According to the complaint filed in United States District Court in Nashville, members of a girls’ basketball team visiting Livingston Middle School in Tennessee spotted the camera right away. “It was high up in a corner, near a ceiling tile in the visitors’ locker room,” said the girls’ lawyer, Mark Chalos. “It seemed to look out over the changing area.”
The girls were wary at first, Chalos said, but ultimately didn’t believe the camera would be recording them, so they continued changing their clothes. Later, one girl mentioned the camera to her coach, who confronted Livingston’s principal. The coach was told that the camera was not positioned to observe dressing and undressing, the court papers contend. But after parents pressed the point, a school district official reviewed the video and reported that it showed the girls in “bras and panties.”
That was enough to enrage the parents. But what they learned as they questioned school authorities outraged them even more. Logs from the server holding the school’s video show that the images were available, unsecured, over the Internet, Chalos said, and indicate several instances of access by unknown outsiders.
With the proliferation of surveillance cameras in everyday life and Webcams at home computers, the ease with which unsecured cameras can be detected on the Internet has become an increasing cause of concern.

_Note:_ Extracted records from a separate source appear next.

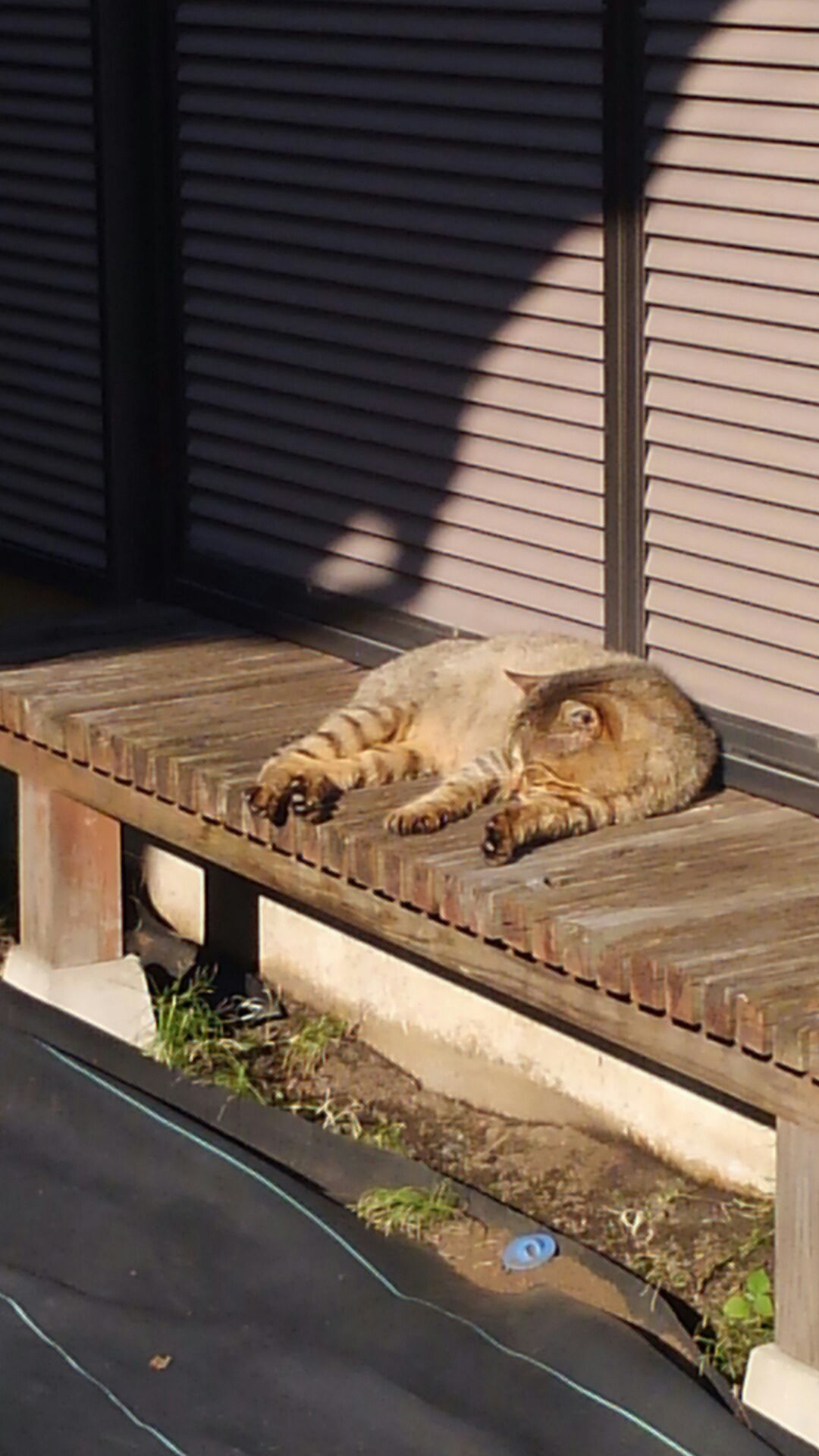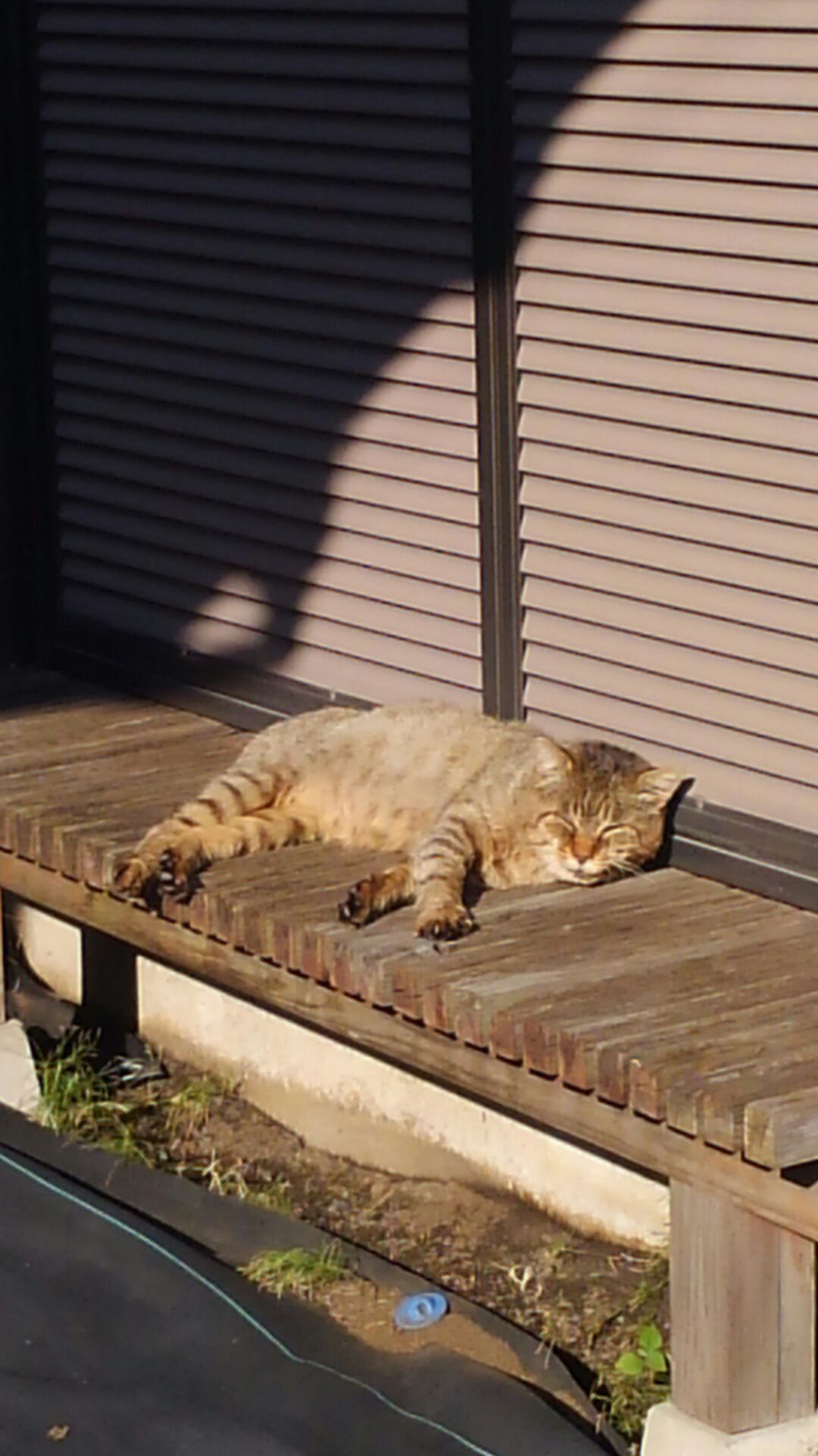 お顔の大きなおじいちゃん?猫が縁側で日向ぼっこをしていました。
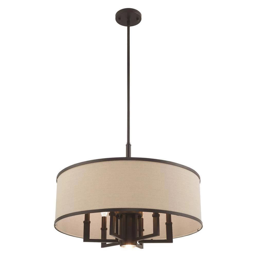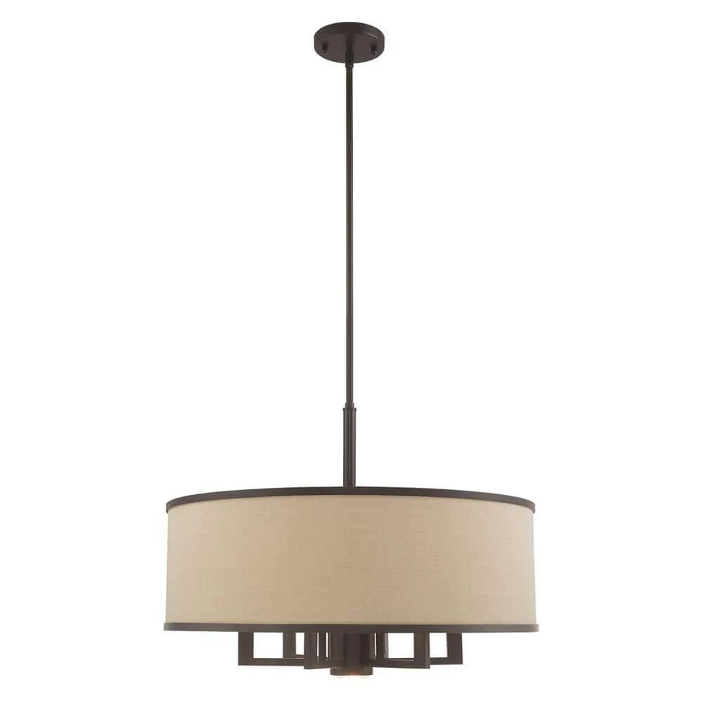 Livex Lighting is well known for quality, style and value. Update your decor with this sleek pendant light design. The angular frame comes in a bronze finish which nicely complements the hand crafted ash-gray fabric hardback shade which holds 6 bulbs and one downlight to maximize your light output. This well-rounded fixture is sure to satisfy your lighting needs.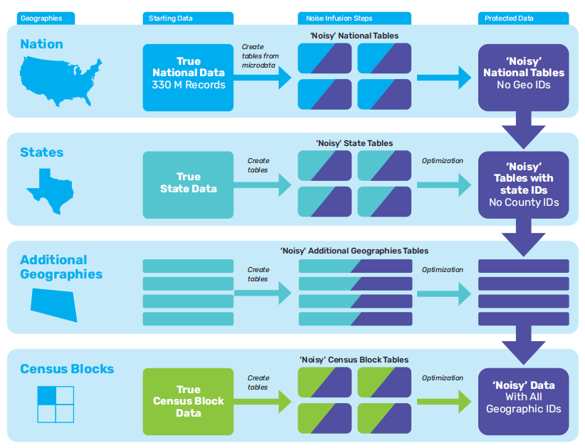 在执行差分隐私的过程中,首先对原始不同类别的数据进行统计分析,这可能包括计算数据的平均值、中位数、标准差等统计信息,以便了解数据的分布和特征。这种统计分析有助于了解哪些数据是敏感的,哪些不是,以及如何在添加噪声时平衡数据的可用性和隐私保护。然后,根据计算出的披露风险和隐私损失预算,向每个单元添加噪声。下图展示了从最大的地理单元(国家)到最小的地理单元(人口普查区域)噪声处理的方法。

Last month, bloggers began reporting on the ability to tap into thousands of raw Webcam feeds with a few simple Google searches, and the Spanish police arrested a suspect on charges of developing a computer virus that can activate a Webcam without the owner’s permission.
The Yankee Group, a market research company, estimates that as many as 13 percent of American households have a Webcam attached to one of their computers, often sitting on top of a monitor in a living room or a bedroom.

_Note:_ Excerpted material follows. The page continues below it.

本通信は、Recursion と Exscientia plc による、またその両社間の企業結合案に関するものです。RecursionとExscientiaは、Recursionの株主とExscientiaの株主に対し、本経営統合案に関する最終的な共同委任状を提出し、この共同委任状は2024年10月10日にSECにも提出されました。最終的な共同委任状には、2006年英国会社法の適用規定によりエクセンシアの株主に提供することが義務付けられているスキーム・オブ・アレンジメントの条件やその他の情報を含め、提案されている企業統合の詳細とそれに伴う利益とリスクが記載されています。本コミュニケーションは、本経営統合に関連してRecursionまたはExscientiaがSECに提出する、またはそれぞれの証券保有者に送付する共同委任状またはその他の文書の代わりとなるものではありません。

Like each Web page, each camera on the Internet has an address, and unless the cameras have been concealed behind software firewalls, their addresses make them specifically searchable and identifiable.
A Google search one day last week indicated more than 10,000 such Web cameras, showing everything from bedrooms and living rooms to coin-operated laundry businesses and shoe stores to plasma reactors and mountain ranges. (Some of the cameras required passwords for access to the video.)
Other video sources are mostly security cameras that have been fed onto the Net, either deliberately to make them available to the public, like traffic or weather cams, or simply because putting the camera online was the easiest way to get the video signal into the building’s security office.
If a Webcam image is deliberately displayed as a part of a public Web site, then the image is obviously intended to be seen by whoever visits that site. But a search for specific video camera signatures allows users to skip the Web site and view the camera image outside its intended context.
It is illegal to gain access to a secured computer without the proper authorization, even if the computer’s password is publicly known. But is it legal to look at unsecured Webcams discovered as a result of a Google search, through the back door, so to speak? “It’s probably not illegal, but you never know,” said Annalee Newitz, policy analyst at the Electronic Frontier Foundation, a digital rights advocacy group. “That would be the court case–would a reasonable person consider these cameras to be public?”